What is needed here is a word-for-word copy of all the entries below.

Records for this task below:

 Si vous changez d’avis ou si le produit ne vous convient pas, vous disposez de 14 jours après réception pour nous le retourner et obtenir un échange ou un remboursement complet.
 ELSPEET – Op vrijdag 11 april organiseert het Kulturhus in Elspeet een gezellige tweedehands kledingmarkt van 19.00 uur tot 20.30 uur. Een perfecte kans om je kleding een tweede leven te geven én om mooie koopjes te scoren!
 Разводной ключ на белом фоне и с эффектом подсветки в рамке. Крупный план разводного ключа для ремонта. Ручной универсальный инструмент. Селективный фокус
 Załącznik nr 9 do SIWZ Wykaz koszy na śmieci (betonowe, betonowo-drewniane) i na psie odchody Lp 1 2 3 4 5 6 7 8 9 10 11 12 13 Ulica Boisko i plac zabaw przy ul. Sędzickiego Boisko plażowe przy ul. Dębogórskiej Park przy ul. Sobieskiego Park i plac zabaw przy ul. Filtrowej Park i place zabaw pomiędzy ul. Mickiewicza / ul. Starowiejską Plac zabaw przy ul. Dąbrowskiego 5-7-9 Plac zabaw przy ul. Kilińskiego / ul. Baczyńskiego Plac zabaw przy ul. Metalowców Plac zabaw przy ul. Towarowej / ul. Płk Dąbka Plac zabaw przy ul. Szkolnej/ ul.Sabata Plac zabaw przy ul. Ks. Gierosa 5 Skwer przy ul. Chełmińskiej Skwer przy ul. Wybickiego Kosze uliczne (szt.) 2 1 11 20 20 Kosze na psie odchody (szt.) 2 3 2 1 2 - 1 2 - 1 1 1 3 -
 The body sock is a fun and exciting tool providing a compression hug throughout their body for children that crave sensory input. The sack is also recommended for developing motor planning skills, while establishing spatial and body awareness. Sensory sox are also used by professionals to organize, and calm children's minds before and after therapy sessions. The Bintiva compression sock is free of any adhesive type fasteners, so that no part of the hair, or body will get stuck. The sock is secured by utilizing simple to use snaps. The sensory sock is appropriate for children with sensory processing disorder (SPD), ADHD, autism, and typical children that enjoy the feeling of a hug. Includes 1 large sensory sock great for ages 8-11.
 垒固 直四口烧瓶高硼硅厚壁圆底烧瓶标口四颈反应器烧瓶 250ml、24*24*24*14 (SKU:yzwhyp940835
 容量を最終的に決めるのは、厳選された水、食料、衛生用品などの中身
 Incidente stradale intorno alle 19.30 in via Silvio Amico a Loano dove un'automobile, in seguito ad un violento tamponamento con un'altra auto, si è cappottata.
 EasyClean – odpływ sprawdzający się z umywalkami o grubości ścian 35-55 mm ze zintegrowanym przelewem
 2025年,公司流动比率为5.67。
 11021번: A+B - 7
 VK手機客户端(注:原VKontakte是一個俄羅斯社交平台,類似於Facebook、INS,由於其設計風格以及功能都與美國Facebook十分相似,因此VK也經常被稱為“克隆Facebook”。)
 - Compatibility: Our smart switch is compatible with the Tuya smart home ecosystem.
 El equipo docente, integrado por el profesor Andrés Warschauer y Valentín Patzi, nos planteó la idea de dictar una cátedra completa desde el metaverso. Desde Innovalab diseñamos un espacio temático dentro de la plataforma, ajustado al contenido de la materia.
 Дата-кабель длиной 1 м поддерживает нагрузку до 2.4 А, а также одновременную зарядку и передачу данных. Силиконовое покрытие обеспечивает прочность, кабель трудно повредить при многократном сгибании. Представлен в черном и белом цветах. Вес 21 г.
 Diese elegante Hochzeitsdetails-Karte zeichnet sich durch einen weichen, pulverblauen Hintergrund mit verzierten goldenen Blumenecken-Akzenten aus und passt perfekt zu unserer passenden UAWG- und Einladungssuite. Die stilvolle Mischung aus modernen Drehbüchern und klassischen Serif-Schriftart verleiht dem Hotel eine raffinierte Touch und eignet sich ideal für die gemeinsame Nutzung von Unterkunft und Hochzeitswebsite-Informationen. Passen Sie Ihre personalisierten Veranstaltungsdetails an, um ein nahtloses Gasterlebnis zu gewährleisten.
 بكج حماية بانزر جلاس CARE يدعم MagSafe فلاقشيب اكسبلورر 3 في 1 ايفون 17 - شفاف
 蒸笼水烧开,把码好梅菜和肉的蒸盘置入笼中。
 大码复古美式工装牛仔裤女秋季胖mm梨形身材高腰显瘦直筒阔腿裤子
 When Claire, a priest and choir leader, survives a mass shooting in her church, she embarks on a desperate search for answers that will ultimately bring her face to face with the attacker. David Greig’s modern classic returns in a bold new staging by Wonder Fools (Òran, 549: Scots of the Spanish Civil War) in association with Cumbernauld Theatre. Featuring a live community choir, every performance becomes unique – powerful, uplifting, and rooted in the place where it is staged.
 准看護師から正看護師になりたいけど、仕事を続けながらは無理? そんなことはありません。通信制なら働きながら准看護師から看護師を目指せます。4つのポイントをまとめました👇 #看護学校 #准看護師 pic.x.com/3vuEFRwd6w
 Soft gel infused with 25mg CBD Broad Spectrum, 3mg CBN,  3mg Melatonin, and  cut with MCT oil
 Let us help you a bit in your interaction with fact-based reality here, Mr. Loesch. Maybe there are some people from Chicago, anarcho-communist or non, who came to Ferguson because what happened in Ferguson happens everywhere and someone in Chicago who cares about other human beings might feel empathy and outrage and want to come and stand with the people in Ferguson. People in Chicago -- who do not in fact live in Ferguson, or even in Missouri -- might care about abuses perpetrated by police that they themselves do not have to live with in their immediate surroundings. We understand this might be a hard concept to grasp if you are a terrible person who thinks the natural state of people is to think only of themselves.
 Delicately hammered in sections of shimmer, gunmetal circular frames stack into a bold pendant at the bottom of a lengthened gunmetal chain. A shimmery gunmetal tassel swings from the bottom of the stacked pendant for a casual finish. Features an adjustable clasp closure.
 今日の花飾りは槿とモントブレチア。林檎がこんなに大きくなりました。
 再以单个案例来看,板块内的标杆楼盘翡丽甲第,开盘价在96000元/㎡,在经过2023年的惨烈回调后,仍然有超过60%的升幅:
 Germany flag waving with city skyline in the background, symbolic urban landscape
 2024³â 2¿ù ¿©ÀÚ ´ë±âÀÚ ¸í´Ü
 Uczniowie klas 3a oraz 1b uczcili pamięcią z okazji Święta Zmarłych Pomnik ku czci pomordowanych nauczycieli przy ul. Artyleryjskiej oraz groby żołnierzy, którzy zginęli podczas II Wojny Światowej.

End of Records for this task.

Answer for the task »
 Si vous changez d’avis ou si le produit ne vous convient pas, vous disposez de 14 jours après réception pour nous le retourner et obtenir un échange ou un remboursement complet.
 ELSPEET – Op vrijdag 11 april organiseert het Kulturhus in Elspeet een gezellige tweedehands kledingmarkt van 19.00 uur tot 20.30 uur. Een perfecte kans om je kleding een tweede leven te geven én om mooie koopjes te scoren!
 Разводной ключ на белом фоне и с эффектом подсветки в рамке. Крупный план разводного ключа для ремонта. Ручной универсальный инструмент. Селективный фокус
 Załącznik nr 9 do SIWZ Wykaz koszy na śmieci (betonowe, betonowo-drewniane) i na psie odchody Lp 1 2 3 4 5 6 7 8 9 10 11 12 13 Ulica Boisko i plac zabaw przy ul. Sędzickiego Boisko plażowe przy ul. Dębogórskiej Park przy ul. Sobieskiego Park i plac zabaw przy ul. Filtrowej Park i place zabaw pomiędzy ul. Mickiewicza / ul. Starowiejską Plac zabaw przy ul. Dąbrowskiego 5-7-9 Plac zabaw przy ul. Kilińskiego / ul. Baczyńskiego Plac zabaw przy ul. Metalowców Plac zabaw przy ul. Towarowej / ul. Płk Dąbka Plac zabaw przy ul. Szkolnej/ ul.Sabata Plac zabaw przy ul. Ks. Gierosa 5 Skwer przy ul. Chełmińskiej Skwer przy ul. Wybickiego Kosze uliczne (szt.) 2 1 11 20 20 Kosze na psie odchody (szt.) 2 3 2 1 2 - 1 2 - 1 1 1 3 -
 The body sock is a fun and exciting tool providing a compression hug throughout their body for children that crave sensory input. The sack is also recommended for developing motor planning skills, while establishing spatial and body awareness. Sensory sox are also used by professionals to organize, and calm children's minds before and after therapy sessions. The Bintiva compression sock is free of any adhesive type fasteners, so that no part of the hair, or body will get stuck. The sock is secured by utilizing simple to use snaps. The sensory sock is appropriate for children with sensory processing disorder (SPD), ADHD, autism, and typical children that enjoy the feeling of a hug. Includes 1 large sensory sock great for ages 8-11.
 垒固 直四口烧瓶高硼硅厚壁圆底烧瓶标口四颈反应器烧瓶 250ml、24*24*24*14 (SKU:yzwhyp940835
 容量を最終的に決めるのは、厳選された水、食料、衛生用品などの中身
 Incidente stradale intorno alle 19.30 in via Silvio Amico a Loano dove un'automobile, in seguito ad un violento tamponamento con un'altra auto, si è cappottata.
 EasyClean – odpływ sprawdzający się z umywalkami o grubości ścian 35-55 mm ze zintegrowanym przelewem
 2025年,公司流动比率为5.67。
 11021번: A+B - 7
 VK手機客户端(注:原VKontakte是一個俄羅斯社交平台,類似於Facebook、INS,由於其設計風格以及功能都與美國Facebook十分相似,因此VK也經常被稱為“克隆Facebook”。)
 - Compatibility: Our smart switch is compatible with the Tuya smart home ecosystem.
 El equipo docente, integrado por el profesor Andrés Warschauer y Valentín Patzi, nos planteó la idea de dictar una cátedra completa desde el metaverso. Desde Innovalab diseñamos un espacio temático dentro de la plataforma, ajustado al contenido de la materia.
 Дата-кабель длиной 1 м поддерживает нагрузку до 2.4 А, а также одновременную зарядку и передачу данных. Силиконовое покрытие обеспечивает прочность, кабель трудно повредить при многократном сгибании. Представлен в черном и белом цветах. Вес 21 г.
 Diese elegante Hochzeitsdetails-Karte zeichnet sich durch einen weichen, pulverblauen Hintergrund mit verzierten goldenen Blumenecken-Akzenten aus und passt perfekt zu unserer passenden UAWG- und Einladungssuite. Die stilvolle Mischung aus modernen Drehbüchern und klassischen Serif-Schriftart verleiht dem Hotel eine raffinierte Touch und eignet sich ideal für die gemeinsame Nutzung von Unterkunft und Hochzeitswebsite-Informationen. Passen Sie Ihre personalisierten Veranstaltungsdetails an, um ein nahtloses Gasterlebnis zu gewährleisten.
 بكج حماية بانزر جلاس CARE يدعم MagSafe فلاقشيب اكسبلورر 3 في 1 ايفون 17 - شفاف
 蒸笼水烧开,把码好梅菜和肉的蒸盘置入笼中。
 大码复古美式工装牛仔裤女秋季胖mm梨形身材高腰显瘦直筒阔腿裤子
 When Claire, a priest and choir leader, survives a mass shooting in her church, she embarks on a desperate search for answers that will ultimately bring her face to face with the attacker. David Greig’s modern classic returns in a bold new staging by Wonder Fools (Òran, 549: Scots of the Spanish Civil War) in association with Cumbernauld Theatre. Featuring a live community choir, every performance becomes unique – powerful, uplifting, and rooted in the place where it is staged.
 准看護師から正看護師になりたいけど、仕事を続けながらは無理? そんなことはありません。通信制なら働きながら准看護師から看護師を目指せます。4つのポイントをまとめました👇 #看護学校 #准看護師 pic.x.com/3vuEFRwd6w
 Soft gel infused with 25mg CBD Broad Spectrum, 3mg CBN,  3mg Melatonin, and  cut with MCT oil
 Let us help you a bit in your interaction with fact-based reality here, Mr. Loesch. Maybe there are some people from Chicago, anarcho-communist or non, who came to Ferguson because what happened in Ferguson happens everywhere and someone in Chicago who cares about other human beings might feel empathy and outrage and want to come and stand with the people in Ferguson. People in Chicago -- who do not in fact live in Ferguson, or even in Missouri -- might care about abuses perpetrated by police that they themselves do not have to live with in their immediate surroundings. We understand this might be a hard concept to grasp if you are a terrible person who thinks the natural state of people is to think only of themselves.
 Delicately hammered in sections of shimmer, gunmetal circular frames stack into a bold pendant at the bottom of a lengthened gunmetal chain. A shimmery gunmetal tassel swings from the bottom of the stacked pendant for a casual finish. Features an adjustable clasp closure.
 今日の花飾りは槿とモントブレチア。林檎がこんなに大きくなりました。
 再以单个案例来看,板块内的标杆楼盘翡丽甲第,开盘价在96000元/㎡,在经过2023年的惨烈回调后,仍然有超过60%的升幅:
 Germany flag waving with city skyline in the background, symbolic urban landscape
 2024³â 2¿ù ¿©ÀÚ ´ë±âÀÚ ¸í´Ü
 Uczniowie klas 3a oraz 1b uczcili pamięcią z okazji Święta Zmarłych Pomnik ku czci pomordowanych nauczycieli przy ul. Artyleryjskiej oraz groby żołnierzy, którzy zginęli podczas II Wojny Światowej.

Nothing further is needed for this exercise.